According to one study, dried parsley was even higher in antioxidants than fresh parsley.

Apigenin, found in parsley, was shown to decrease tumor size in a study of an aggressive form of breast cancer.

The high amount of vitamin K in parsley may help improve calcium absorption which may, in turn, reduce bone fractures.

Some studies have suggested that parsley (and other green herbs and vegetables) may be able to prevent skin cancer thanks to the presence of the flavonoid myricetin. Parsley is particularly high in myricetin. Myricetin may also help protect against diabetes.

Parsley does require some precautions. Normal food amounts are safe but pregnant women should avoid eating excessive amounts. Large amounts can have effects on the uterus. Parsley can also decrease milk production.

Vitamin K plays an important role in blood clotting. Parsley has a high amount of vitamin K so if you take a blood thinner such as Warfarin or Coumadin, use care. Talk to your doctor and watch how much parsley you eat.

For humans, consuming very large amounts of parsley can be unsafe, sometimes leading to anemia and problems with the liver or kidneys. Parsley is a high-oxalate food so if you have calcium oxalate kidney stones, it should be off the menu or very limited.

Can Dogs Have Parsley?

Parsley is safe for dogs to eat in small amounts. In fact, you can buy some dental chews that have parsley as a flavoring because it freshens dog breath.

Dogs can benefit from the same antioxidants and flavonoids that improve human health.

  • Along with acting as an antimicrobial to kill bad breath germs and freshen your dog’s breath, parsley may also help with inflammatory problems due to arthritis in dogs.
  • The vitamin K in parsley, in small amounts, appears to help blood clotting and boosts liver health.
  • Parsley helps with digestive problems and soothes an upset stomach. It also acts as a diuretic to help prevent urinary tract infections. This also helps flush toxins from the body and supports kidney health.
  • Parsley has lots of vitamin C and vitamin A which help support the immune system and eye health.
  • Parsley may help slow the rate of growth for tumors and some cancers.
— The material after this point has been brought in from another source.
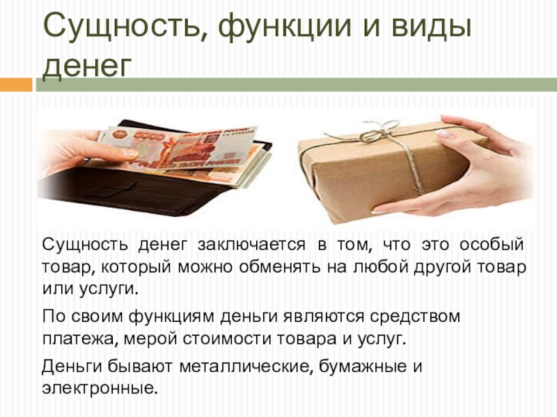 Слайд 5Сущность, функции и виды денег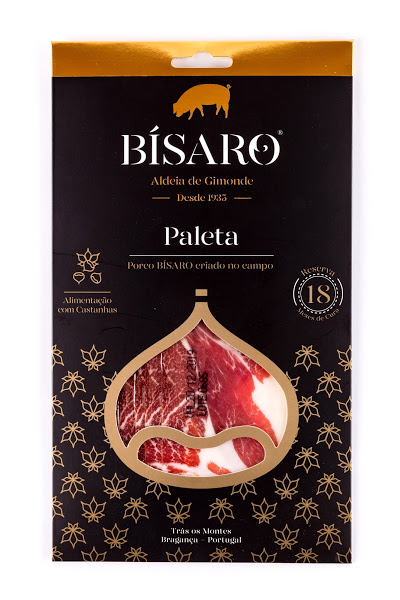 Ingredientes: Perna de Porco Bísaro (91%) e sal.                     Cura: A paleta de de Porco Bísaro Reserva, passa por um processo de cura de 18 meses.

If your dog has problems with kidney stones or other health problems, talk to your veterinarian before adding parsley to his diet. If your dog is diabetic, parsley may affect blood sugar levels. Don’t give pregnant dogs parsley since it can affect the uterus. Female dogs that are producing milk should not have parsley since it can affect their milk production. Giving your dog large amounts of parsley can also lead to anemia in some cases.
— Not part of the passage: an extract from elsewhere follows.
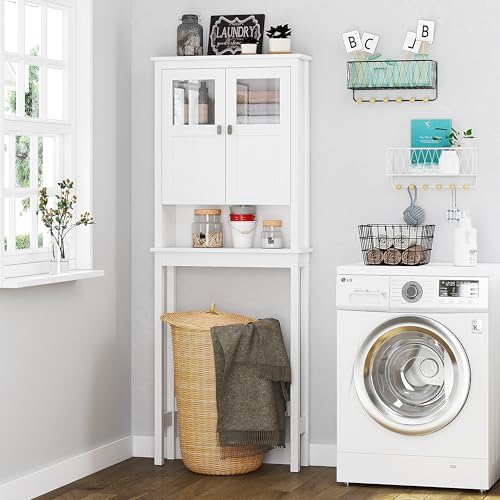 Spirich - دولاب حمام منزلي فوق التواليت من سبيريتش تخزين للحمام مع أبواب ورفوف قابلة للتعديل أبيض زجاج مقوى الخشب

If you are worried about something called “spring parsley poisoning ” you should set your mind at rest. This condition is more or less misnamed and does not really relate to the parsley you buy at the supermarket. The plants involved contain an ingredients called furanocoumarins but they are not closely related to the kind of parsley used for cooking. Your dog is more likely to have the condition from eating grapefruit or limes.

How much?

Small amounts of parsley are safe for most dogs. But what is a small amount? First, keep in mind that with parsley, the dried herb can be stronger than fresh sprigs of parsley. If you are using dried parsley, only use a very small amount at any one time.

You can give your dog ¼ to ½ teaspoon of dried parsley a few times per week. If you are using fresh parsley, a few sprigs are plenty.

If you are worried about giving your dog too much parsley, you can mix it with water and add it to your dog’s food or water. Or, you can brew it as a tea or make it into homemade dog cookies or treats.

How often ?

You can give your dog a small amount of parsley several times per week.


Parsley is safe for most dogs to eat. It appears to have some health benefits. It’s also used to freshen dog breath in some dental chews. If your dog is pregnant or lactating, you should avoid giving her parsley. Dogs with kidney stones should avoid parsley. It should only be given to dogs in small amounts. Large amounts of parsley can lead to problems such as anemia.